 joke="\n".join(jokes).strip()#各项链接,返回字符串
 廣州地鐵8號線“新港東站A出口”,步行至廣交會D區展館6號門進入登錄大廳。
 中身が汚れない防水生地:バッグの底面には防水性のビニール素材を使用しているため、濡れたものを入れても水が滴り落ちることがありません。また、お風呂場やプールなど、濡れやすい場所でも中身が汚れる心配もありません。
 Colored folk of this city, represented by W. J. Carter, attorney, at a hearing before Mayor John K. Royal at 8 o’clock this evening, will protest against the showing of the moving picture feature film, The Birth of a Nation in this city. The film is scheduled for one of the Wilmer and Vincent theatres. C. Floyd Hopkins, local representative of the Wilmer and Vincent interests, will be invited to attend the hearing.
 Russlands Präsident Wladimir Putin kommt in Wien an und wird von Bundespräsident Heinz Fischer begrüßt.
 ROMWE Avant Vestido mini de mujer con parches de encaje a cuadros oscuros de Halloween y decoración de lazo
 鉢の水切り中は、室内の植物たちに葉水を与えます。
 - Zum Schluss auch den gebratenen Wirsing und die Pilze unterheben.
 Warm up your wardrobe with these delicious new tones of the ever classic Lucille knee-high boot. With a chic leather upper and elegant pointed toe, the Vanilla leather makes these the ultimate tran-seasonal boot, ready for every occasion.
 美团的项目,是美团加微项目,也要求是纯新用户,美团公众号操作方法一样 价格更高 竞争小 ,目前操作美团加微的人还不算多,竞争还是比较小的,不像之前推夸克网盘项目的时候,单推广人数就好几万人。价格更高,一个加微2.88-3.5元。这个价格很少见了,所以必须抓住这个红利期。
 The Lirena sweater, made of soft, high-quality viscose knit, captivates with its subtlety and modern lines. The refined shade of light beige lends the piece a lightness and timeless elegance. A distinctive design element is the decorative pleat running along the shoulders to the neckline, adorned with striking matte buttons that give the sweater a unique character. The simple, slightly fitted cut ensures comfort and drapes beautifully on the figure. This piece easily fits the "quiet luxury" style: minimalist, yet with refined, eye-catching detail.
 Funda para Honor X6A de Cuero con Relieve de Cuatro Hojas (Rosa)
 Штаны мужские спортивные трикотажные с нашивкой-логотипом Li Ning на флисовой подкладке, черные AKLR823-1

::::::

> Work required:
Please return all lines in the material above that include the word "high".

> Output of the exercise:
 Warm up your wardrobe with these delicious new tones of the ever classic Lucille knee-high boot. With a chic leather upper and elegant pointed toe, the Vanilla leather makes these the ultimate tran-seasonal boot, ready for every occasion.
 The Lirena sweater, made of soft, high-quality viscose knit, captivates with its subtlety and modern lines. The refined shade of light beige lends the piece a lightness and timeless elegance. A distinctive design element is the decorative pleat running along the shoulders to the neckline, adorned with striking matte buttons that give the sweater a unique character. The simple, slightly fitted cut ensures comfort and drapes beautifully on the figure. This piece easily fits the "quiet luxury" style: minimalist, yet with refined, eye-catching detail.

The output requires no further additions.